The senator from New York has played a central role in crafting bipartisan digital asset policy over recent years. She explained that the proposed requirement would restrict members of Congress, top administration appointees, and both the president and vice president from benefiting financially from cryptocurrency connections tied to their official roles.
“It is the worst form of pay-for-play,” Gillibrand said.
Though she avoided explicitly mentioning President Donald Trump, his cryptocurrency entanglements have attracted considerable attention. These relationships include launching a memecoin bearing his name, his family’s participation in World Liberty Financial, and additional commercial activities within the sector.

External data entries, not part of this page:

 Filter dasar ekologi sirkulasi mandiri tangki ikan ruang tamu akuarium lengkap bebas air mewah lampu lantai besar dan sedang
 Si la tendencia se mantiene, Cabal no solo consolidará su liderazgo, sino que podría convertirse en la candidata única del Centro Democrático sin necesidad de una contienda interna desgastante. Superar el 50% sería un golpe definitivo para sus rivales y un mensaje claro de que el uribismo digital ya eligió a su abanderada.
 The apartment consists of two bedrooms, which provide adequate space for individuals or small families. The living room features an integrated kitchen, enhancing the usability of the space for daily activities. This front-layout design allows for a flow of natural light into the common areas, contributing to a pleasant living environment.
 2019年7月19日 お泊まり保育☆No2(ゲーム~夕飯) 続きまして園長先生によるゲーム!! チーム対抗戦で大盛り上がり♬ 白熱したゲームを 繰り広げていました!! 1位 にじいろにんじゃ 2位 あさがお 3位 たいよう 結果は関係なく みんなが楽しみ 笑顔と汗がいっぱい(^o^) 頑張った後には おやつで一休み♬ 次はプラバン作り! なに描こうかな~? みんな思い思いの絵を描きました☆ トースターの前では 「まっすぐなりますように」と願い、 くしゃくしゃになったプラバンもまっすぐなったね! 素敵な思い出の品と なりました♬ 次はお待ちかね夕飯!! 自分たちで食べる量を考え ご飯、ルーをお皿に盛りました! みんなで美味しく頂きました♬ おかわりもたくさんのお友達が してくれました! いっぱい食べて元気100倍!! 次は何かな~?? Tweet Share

Administration representatives have rejected claims that Trump’s business activities create conflicts of interest. They have further stated opposition to any legislative language specifically designed to target the president.
What Needs to Happen Before a Vote
Gillibrand indicated that negotiators continue refining sections related to consumer safeguards and anti-money laundering measures. She stressed that the ethics component requires resolution during the upcoming week to gain cross-party support at an anticipated Senate Banking Committee session potentially scheduled for next week.

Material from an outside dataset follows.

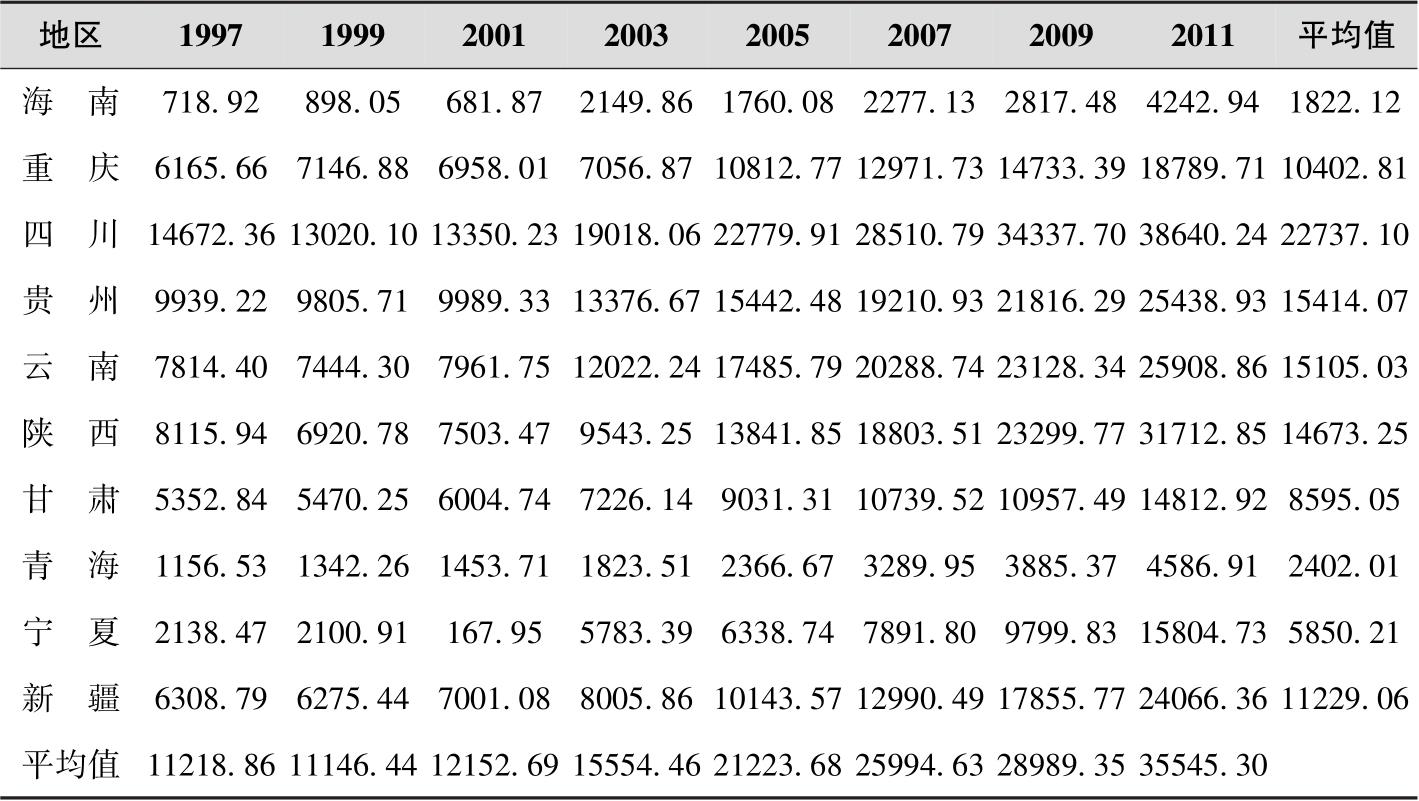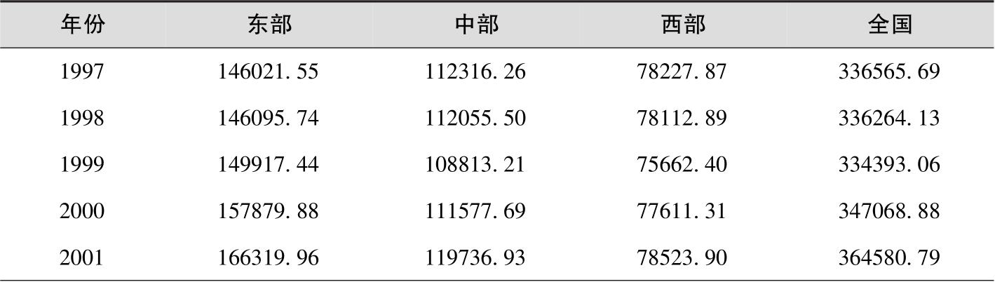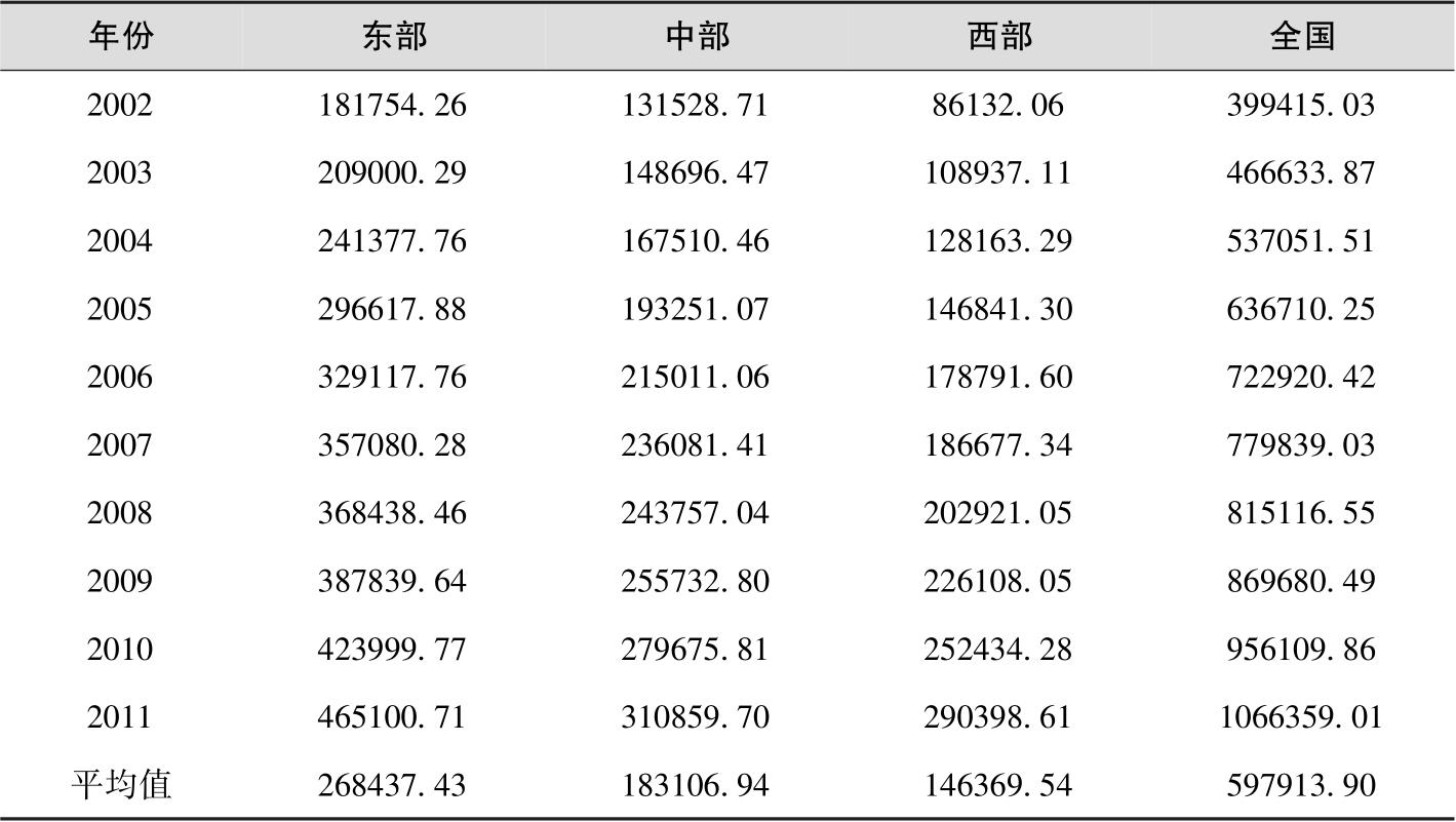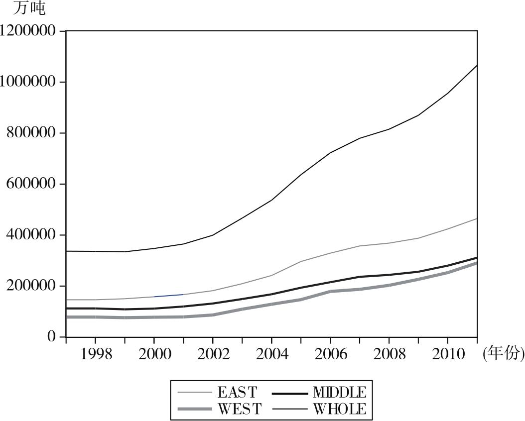 表2.19的数据反映了我国及东中西部三大区域碳排放量情况。从总体上来看,1997—2011年我国的二氧化碳排放量呈现持续增长的趋势,从1997年的336565.69万吨增长至2011年的1066359.01万吨,增长幅度达到729793.32万吨,短短15年间排放量大约增长了2.17倍。从时间变化趋势上看,我国的二氧化碳排放量的增长过程可分为三个阶段:缓慢增长阶段、快速增长阶段、增速下降阶段。由图2.15可以明显看出,在1997—2002年我国二氧化碳排放量处于缓慢增长的阶段,这个阶段我国的二氧化碳排放量年均增长为3.48%。这个阶段产生的原因主要是由于亚洲金融危机对我国经济的影响,此时我国经济增长速度减缓,对外贸易活动减少,这在一定程度上减少了二氧化碳的排放。从2003年起,亚洲各国陆续走出金融危机的泥潭,我国经济发展加速,但由于我国高投入、高消耗、高污染的粗放型经济增长方式,使得我国这一阶段的二氧化碳排放量处于快速增长期,2003—2007年我国二氧化碳排放量增速达到13.70%。之后我国二氧化碳排放量增速有所下降,2008—2011年增速为9.37%。虽然增长率依旧不低,但是相比于2003—2007年还是呈现下降趋势。这说明我国意识到能源环境的重要性,开始探寻低碳经济路径,为实现绿色生产付出努力。特别是在2008年10月29日我国公布的《中国应对气候变化的政策行动》的白皮书,郑重声明了我国应对气候变化问题的积极态度和相关行动,决定把发展低碳经济作为一个突破点,指导我国未来的能源发展,走可持续发展道路。

Should these concerns be resolved and the present draft merged with the legislation already approved by the Senate Agriculture Committee, Gillibrand suggested a full Senate vote might occur before lawmakers depart for their August break beginning August 10.
She predicted a final vote could come in the first week of August, “if we’re lucky.”

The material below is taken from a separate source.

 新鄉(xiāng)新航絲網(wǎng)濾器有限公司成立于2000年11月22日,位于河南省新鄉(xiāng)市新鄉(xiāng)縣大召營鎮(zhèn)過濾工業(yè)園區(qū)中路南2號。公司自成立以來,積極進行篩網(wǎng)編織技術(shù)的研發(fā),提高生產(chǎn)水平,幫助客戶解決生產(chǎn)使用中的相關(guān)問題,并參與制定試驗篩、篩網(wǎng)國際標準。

Senators on the banking panel announced an agreement on stablecoin yield provisions last week. While viewed as progress, that arrangement did not incorporate the ethics requirements for government officials.
Ripple CEO Brad Garlinghouse indicated Tuesday that legislators face approximately a two-week timeframe to advance the bill before midterm election considerations begin affecting legislative priorities.
Where the Bill Stands Now
The Senate Banking Committee delayed a scheduled markup session for the legislation in January. No replacement date has been announced as of Wednesday.
Coinbase CEO Brian Armstrong stated during the postponement that his platform could not endorse the bill in its existing form. Additional cryptocurrency firms similarly expressed reservations regarding provisions addressing decentralized finance protocols, stablecoins, and tokenized securities.
Summer Mersinger, head of the Blockchain Association and former Commodity Futures Trading Commission commissioner, remarked at Consensus that although the present timeframe carries significance, additional opportunities for advancing the legislation may emerge later.
Traders on Polymarket, a prediction marketplace, currently assess a 65% likelihood that the CLARITY Act will receive presidential approval by the conclusion of 2026. On Kalshi, market participants place the probability of passage before August at 49%.